WHAT YOU ARE ASKED TO DO - Retype, without pictures, the line holding "- 허위 서류 제출 시 지원이 취소되며 추후 제재가 있을 수 있습니다." and each line below it through the final line.

Dataset entries:
···

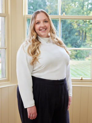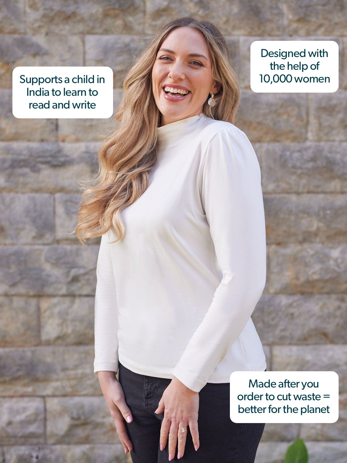 A highly versatile basic, the Polly with its gently puffed sleeves works on its own worn with any of our trousers or skirts but also adds an extra soft cosy layer under the Sandie pinafore dress.
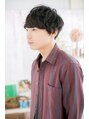 丸みを帯びたマッシュのやわらかさに、ミックスパーマで動きをつけて。流れるように動く束感で、アクティブ感と男らしさをプラス。厚めバングで目元を印象つけて。優し気だけどどこか色っぽい、深みあるカッコ良さを引き出したジェントルマンスタイル。
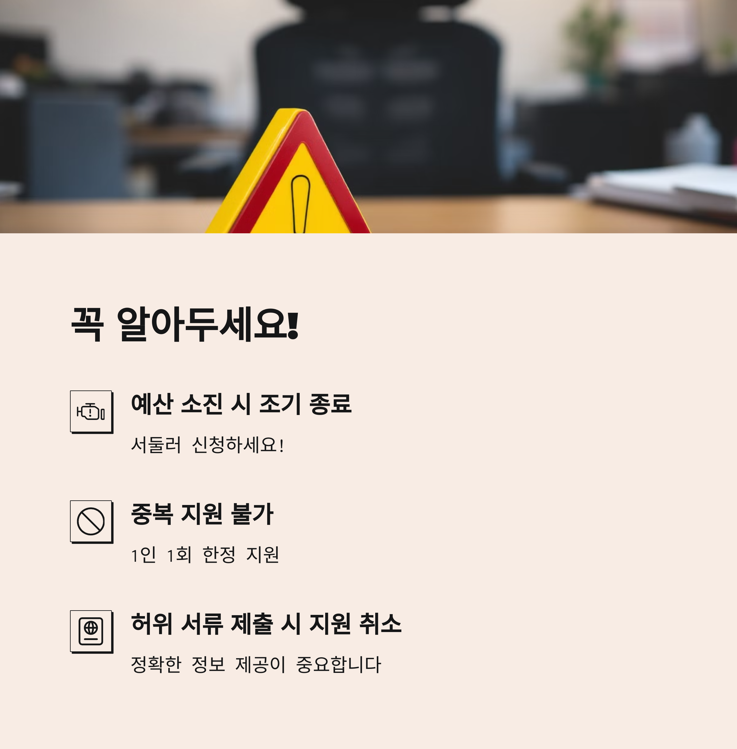- 허위 서류 제출 시 지원이 취소되며 추후 제재가 있을 수 있습니다.
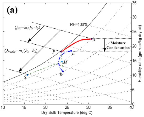 As shown in Figure 10, the enthalpy of the ambient air can be reduced from to by passing through the IEC. The cooling capacity of the IEC () can be determined based on the enthalpy difference. On the other hand, the total cooling load for conditioning the intake ambient air () is calculated according to the enthalpy difference between point A and point S.
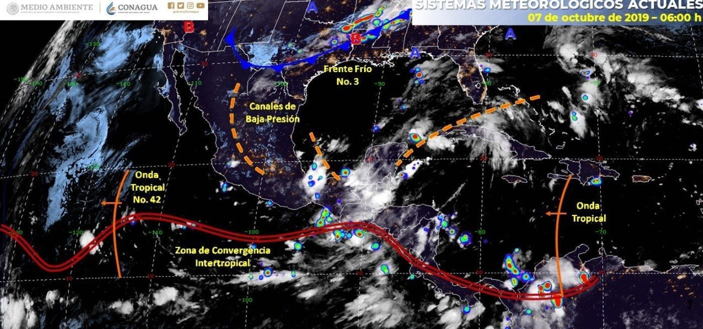 Dicho frente frío y canales de baja presión en el noroeste, occidente y en la Península de Yucatán generarán lluvias intensas en Puebla, Veracruz, Oaxaca, Tabasco, Chiapas y Yucatán, y muy fuertes en Tamaulipas, San Luis Potosí, Hidalgo, Campeche y Quintana Roo.
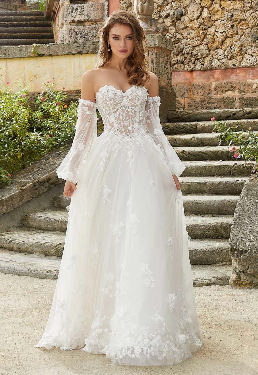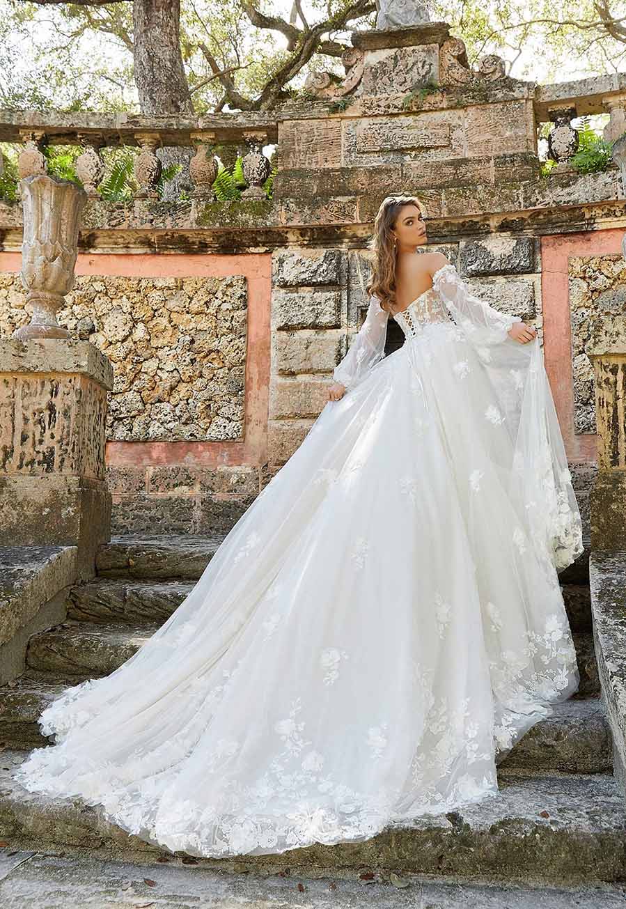 The lace-up corset back ensures a perfect fit, while dramatic bishop sleeves add a romantic, storybook-inspired touch. Every detail of Fiorella exudes timeless romance and modern whimsy, making it ideal for brides dreaming of a magical entrance.

···

ANSWER BOX -
- 허위 서류 제출 시 지원이 취소되며 추후 제재가 있을 수 있습니다.
 As shown in Figure 10, the enthalpy of the ambient air can be reduced from to by passing through the IEC. The cooling capacity of the IEC () can be determined based on the enthalpy difference. On the other hand, the total cooling load for conditioning the intake ambient air () is calculated according to the enthalpy difference between point A and point S.
 Dicho frente frío y canales de baja presión en el noroeste, occidente y en la Península de Yucatán generarán lluvias intensas en Puebla, Veracruz, Oaxaca, Tabasco, Chiapas y Yucatán, y muy fuertes en Tamaulipas, San Luis Potosí, Hidalgo, Campeche y Quintana Roo.
 The lace-up corset back ensures a perfect fit, while dramatic bishop sleeves add a romantic, storybook-inspired touch. Every detail of Fiorella exudes timeless romance and modern whimsy, making it ideal for brides dreaming of a magical entrance.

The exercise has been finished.